Behavior during a control plane outage
In a split Deployment, data plane clusters operate independently from the control plane at runtime. If the APC API becomes unavailable, your existing Airflow workloads continue without interruption, but all management operations and external access to Airflow stop.
What stops working:
- Authentication: Sign-in to both the Astro Private Cloud UI and Airflow UIs fails because authentication flows depend on the APC API.
- Astro Private Cloud UI, APC API, and Astro CLI: All management interfaces become unavailable, including deployment creation, configuration changes, and user management.
- New data plane registration: Registration requires the APC API.
- Deployment changes: the deployment orchestrator can’t receive new instructions from the APC API, so you can’t create, update, or delete Deployments.
- External Airflow API access: Requests to the Airflow REST API from outside the data plane cluster fail because they route through the APC API-authenticated ingress.
What keeps running:
- Existing Airflow Deployments: All Airflow components (scheduler, webserver, workers, triggerer) remain running. the APC API isn’t in the runtime execution path for Dags.

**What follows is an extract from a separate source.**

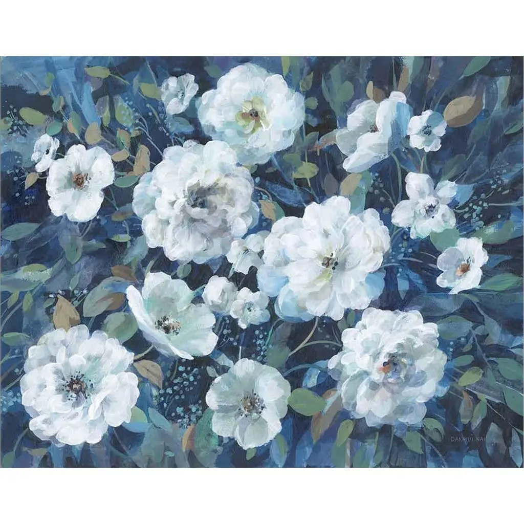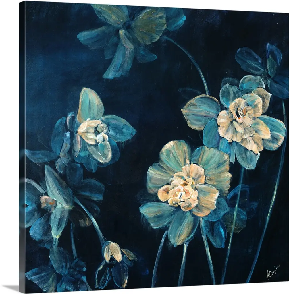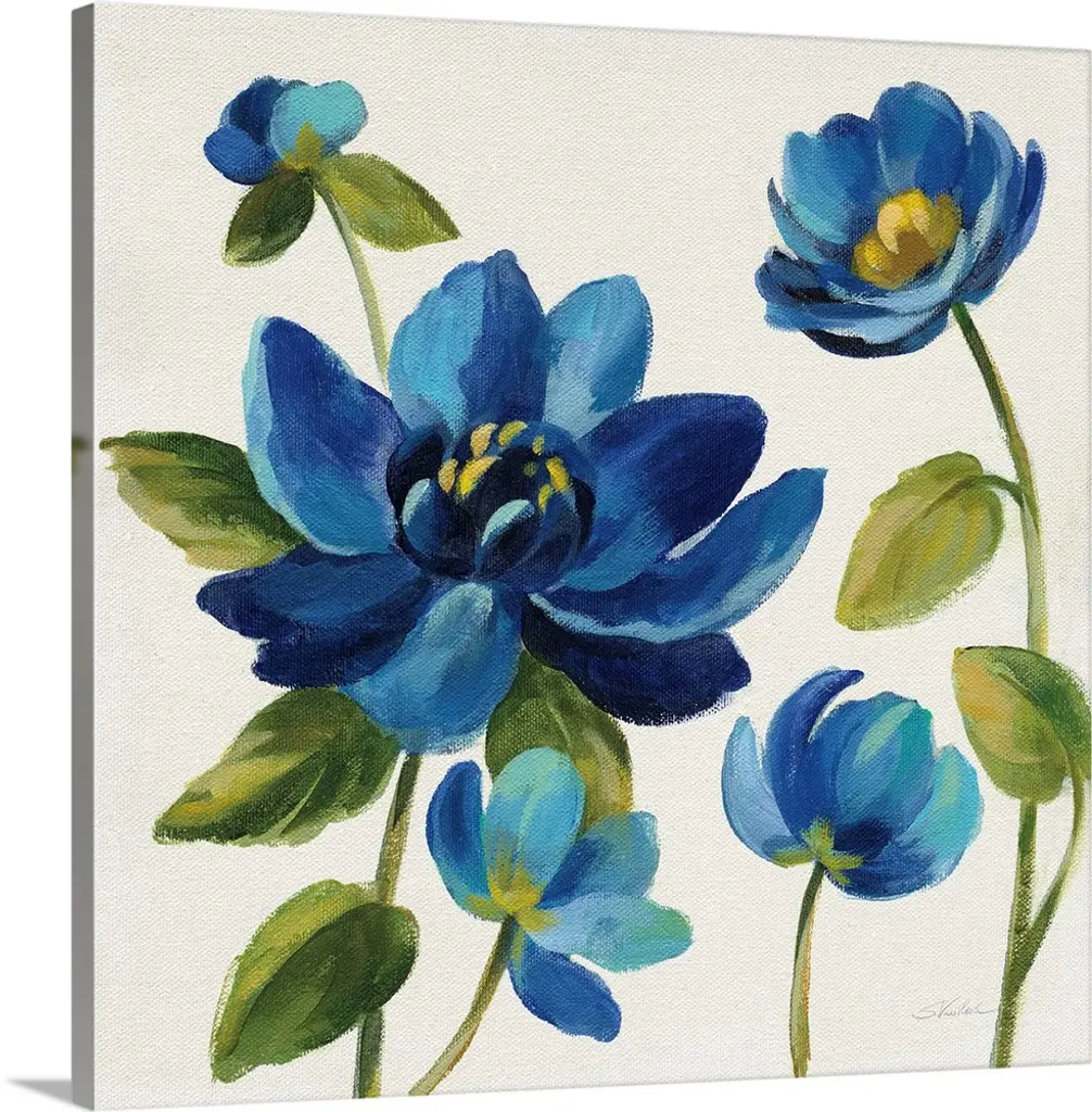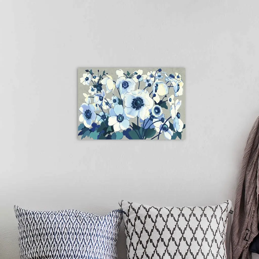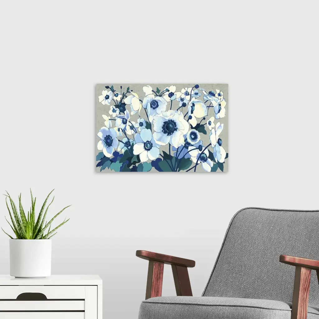 Contemporary painting of garden flowers in blue tones against a neutral background.

- Scheduled Dag runs: The Airflow scheduler continues to trigger Dags on schedule, and in-flight tasks complete normally.

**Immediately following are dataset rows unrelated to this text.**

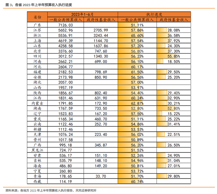 从2023年上半年预算收入执行情况来看,各省份一般公共预算收入进度均过半,主要是因为经济恢复性增长、上年受疫情及大规模留抵退税等因素基数较低,但整体增速放缓,后续财政收入压力仍然较大。
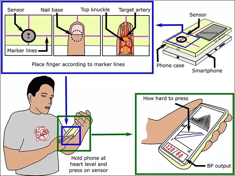 目前這項(xiàng)研究有了新的進(jìn)展,來(lái)自密歇根州立大學(xué)和馬里蘭大學(xué)的研究人員發(fā)明了一種可以集成到智能手機(jī)的血壓傳感器,只需按壓指尖即可完成血壓測(cè)量。
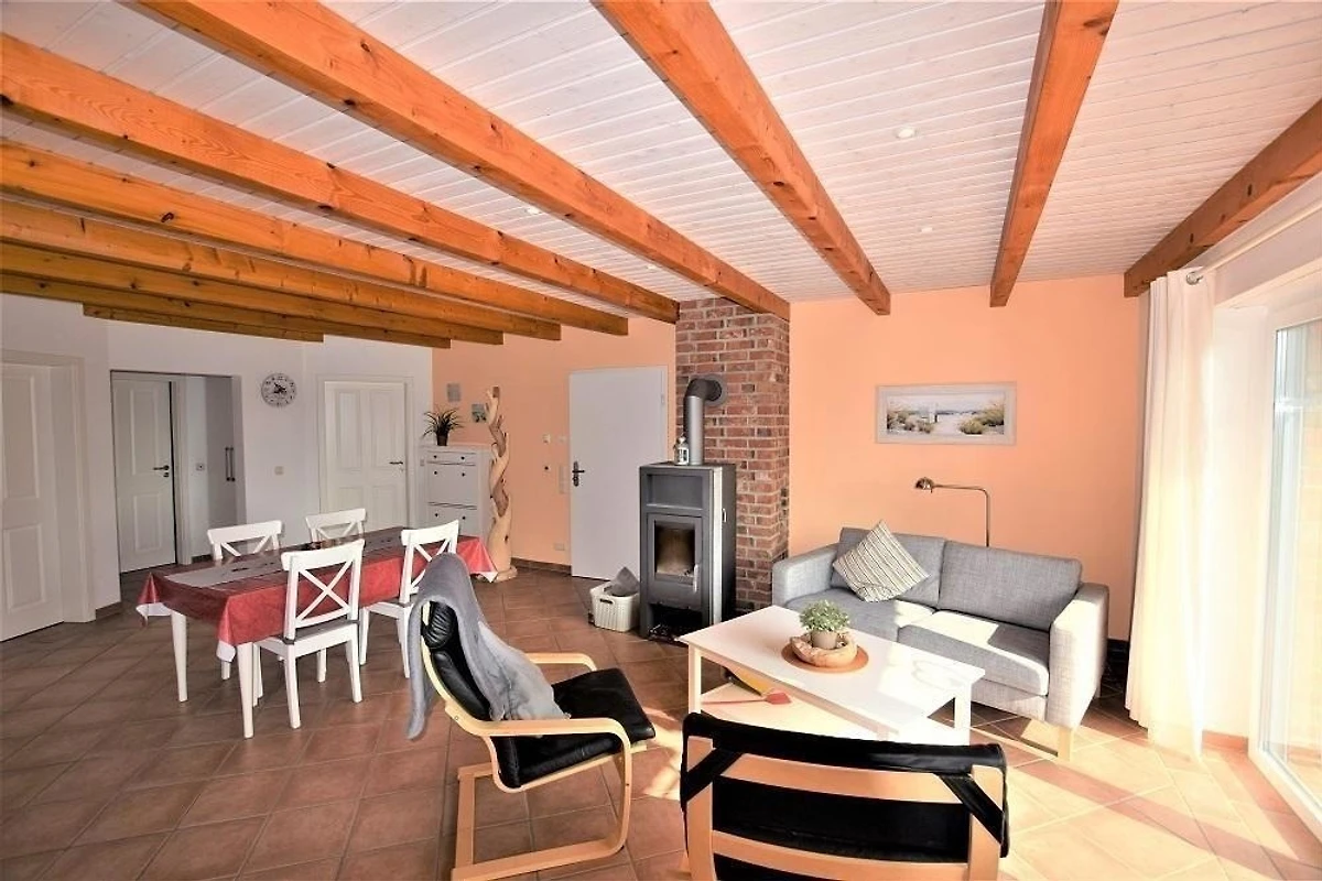 Die Innenausstattung umfasst einen Flachbildfernseher, SAT-TV, eine Stereoanlage, sowie eine moderne Küchenzeile mit Cerankochfeld, Umluftbackofen und Kühlschrank mit Gefrierfach. Für zusätzlichen Komfort sorgt ein Specksteinofen, der in den kühleren Monaten für angenehme Wärme sorgt. Gesellschaftliche Einrichtungen wie eine Waschmaschine und Abstellmöglichkeiten für Fahrräder sind ebenfalls vorhanden. WLAN, ein kostenloses Reisebett und Hochstuhl stehen ebenfalls bereit. Haustiere sind willkommen. Die Mindestbelegung beträgt vier Übernachtungen.
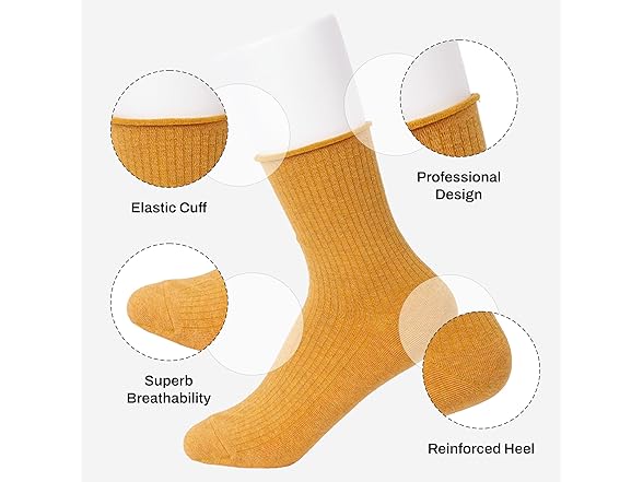 KGallery Feeto Women's Roll Top Socks - Fashionable Cotton Crew Socks, Multi-Colors Mix, Made in Korea - 6 Pairs (US, Numeric, 5, 9, Regular, Regular, 6, MIX 3)
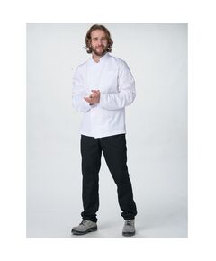 Комплект состоит из фартука поварского колпака. Фартук с двумя накладными карманами, бретелью через шею и двумя завязками-поясами. Колпак с объемным верхом, тульей средней высоты и завязками для регулировки объема.
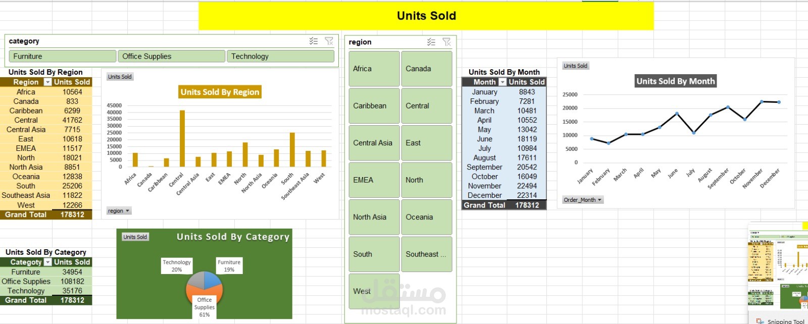 تحليل عدد الوحدات المباعة مع مخططات توضح التوزيع حسب الفئات والعملاء والمناطق.
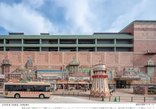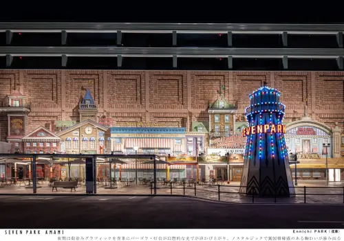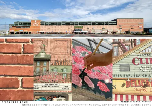 受賞コメント「セブンパーク天美」は施設の内外で様々なイベントが行える場所を備え、ショッピング以外の体験を可能とするエンターテインメント機能を基軸とした商業施設である。外壁面全面に手描きの煉瓦調ペイントの街並みを写し込み、建物全体が舞台セットの様に感じられ、様々なアクティビティが連続した外部空間の中で行われる。内部の大型ビジョンと大階段を合わせ持つ3層の吹抜は、視線の交錯を誘発する立体的なイベント空間である。
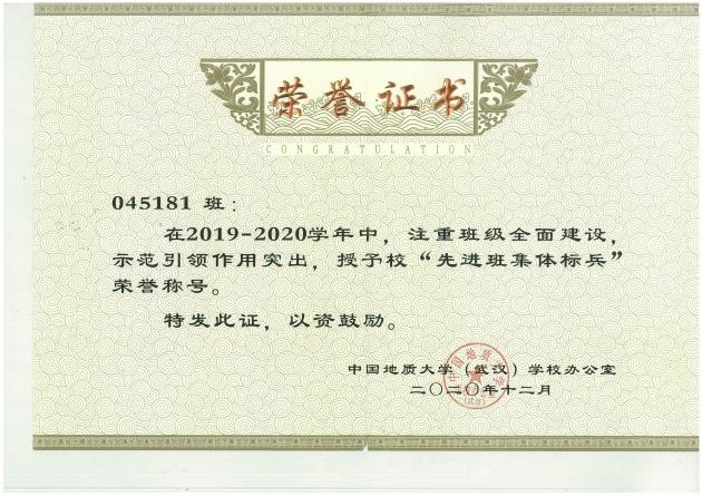2020年校级先进班集体标兵 |

- Internal Airflow communication: Task execution, XCom, and connections to external data sources continue to function.
- Data plane infrastructure: the deployment orchestrator retains the last-known desired state and continues to reconcile existing Helm releases. Config Syncer, NGINX ingress, and other data plane components remain running.
- Local metrics collection: Prometheus on the data plane continues scraping Airflow and platform metrics locally.

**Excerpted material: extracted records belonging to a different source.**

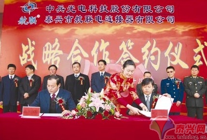 3月28日上午,市航聯(lián)電連接器有限公司與中兵光電股份有限公司簽署戰(zhàn)略合作協(xié)議,航聯(lián)將通過掛靠上市公司,加快發(fā)展步伐。 市領(lǐng)導(dǎo)張兆江、孫云、王中先、楊晉安、吳斌、薛晨光,中兵光電股份有限公司董事長李保平,以及部分軍隊代表參加了簽約儀式。 中兵光電科技股份有限公司是中國兵器集團(tuán)重點保軍企業(yè),以“信息化與精確打擊”為核心業(yè)務(wù),是中國兵器集團(tuán)發(fā)展最快的上市公司,目前市值超百億元。航聯(lián)電連接器有限公司是我市一家民營成長型企業(yè),主產(chǎn)品電連接器通過了部隊質(zhì)量體系認(rèn)證,在軍品市場得到廣泛應(yīng)用。這次戰(zhàn)略合作,中兵光電股份有限公司注資購買航聯(lián)51%的股份,同時,雙方將在資金、管理、產(chǎn)品技術(shù)和新項目上開展深度合作,合力將航聯(lián)電連接器迅速做大做強(qiáng),并將謀求向兵器行業(yè)其它產(chǎn)品擴(kuò)張。中兵光電股份有限公司董事長李保平表示,簽約后,中兵光電將繼續(xù)加大資金投入和項目開發(fā)力度,力求將航聯(lián)建設(shè)成為中兵光電在泰興較大規(guī)模的生產(chǎn)基地。 市委書記張兆江在致辭中說,這一次的成功合作,中兵光電大型軍企品牌的影響力,將對航聯(lián)今后的發(fā)展壯大產(chǎn)生帶動力。希望雙方積極創(chuàng)新合作模式、拓寬合作領(lǐng)域,讓航聯(lián)通過借船出海,走上技術(shù)高端化、生產(chǎn)集約化、管理現(xiàn)代化的發(fā)展之路,努力成為國內(nèi)外電連接行業(yè)中最具影響力的優(yōu)秀企業(yè)。泰興市委、市政府及相關(guān)部門將盡力提供更大的支持和更優(yōu)的服務(wù),使雙方的合作之路越走越寬,實現(xiàn)互利雙贏。 |
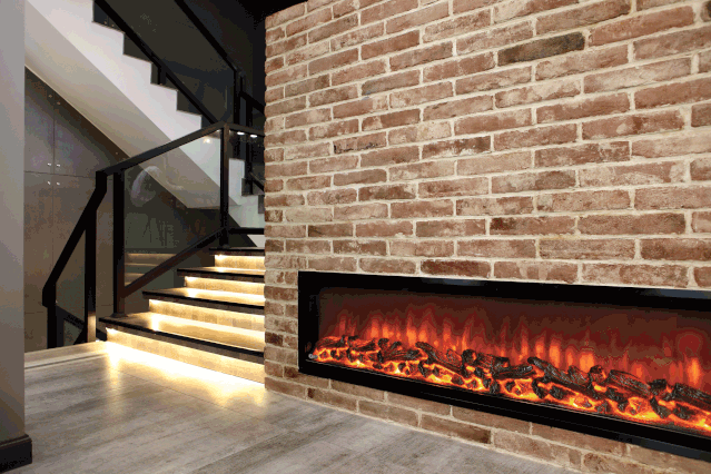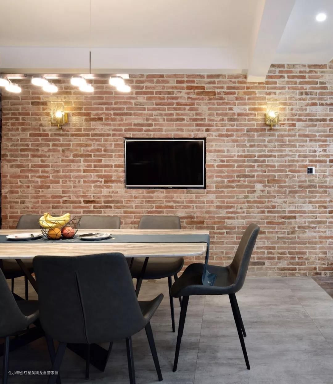 壁炉嵌入在餐厅平台下面的红砖墙内,复古而有年代感,让粗犷的工业风之中增添了暖意。
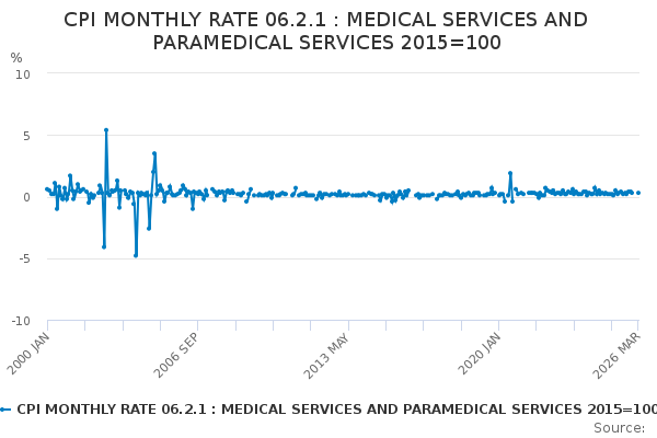 Download this time seriesCPI MONTHLY RATE 06.2.1 : MEDICAL SERVICES AND PARAMEDICAL SERVICES 2015=100

While Airflow keeps running, you can’t make changes or access Airflow UIs through the standard ingress during a control plane outage. If you need emergency access to a running Deployment, use kubectl to interact directly with the data plane cluster.
When the control plane recovers, the deployment orchestrator and Config Syncer reconnect to the APC API automatically. Prometheus federation or remote-write resumes, and any metrics gap during the outage appears in your monitoring dashboards. No manual intervention is required on the data plane side unless tokens expired during the outage. See Register a data plane for token management details.
Monitoring and alerting
Data plane Prometheus scrapes:
- Airflow Deployments, including scheduler, webserver/API server, workers.
- Platform Pods, like the deployment orchestrator, Config Syncer, NGINX, and Vector.
- Kube-state-metrics for namespace-wide object counts.
Use Alertmanager rules provided by the chart or integrate with the control plane Alertmanager to drive notifications.
Watch for deployment orchestrator heartbeat failures, Config Syncer errors, and Prometheus remote-write issues—these often indicate connectivity problems back to the APC API.
Comparison to other modes
Split deployments keep the affected area confined to workload execution, letting you scale your data planes independently and enforce network boundaries to sensitive data resources.
- For the management plane overview see Control Plane Architecture.
- For a single-cluster footprint see Unified Architecture.
Next steps
- Deploy a data plane using the Install data plane guide.
- Register the data plane with your control plane and verify deployment orchestrator heartbeat.
- Configure DNS, TLS certificates, and networking policies based on the ingress endpoints.
- Integrate telemetry (metrics, logs) with your central observability tools.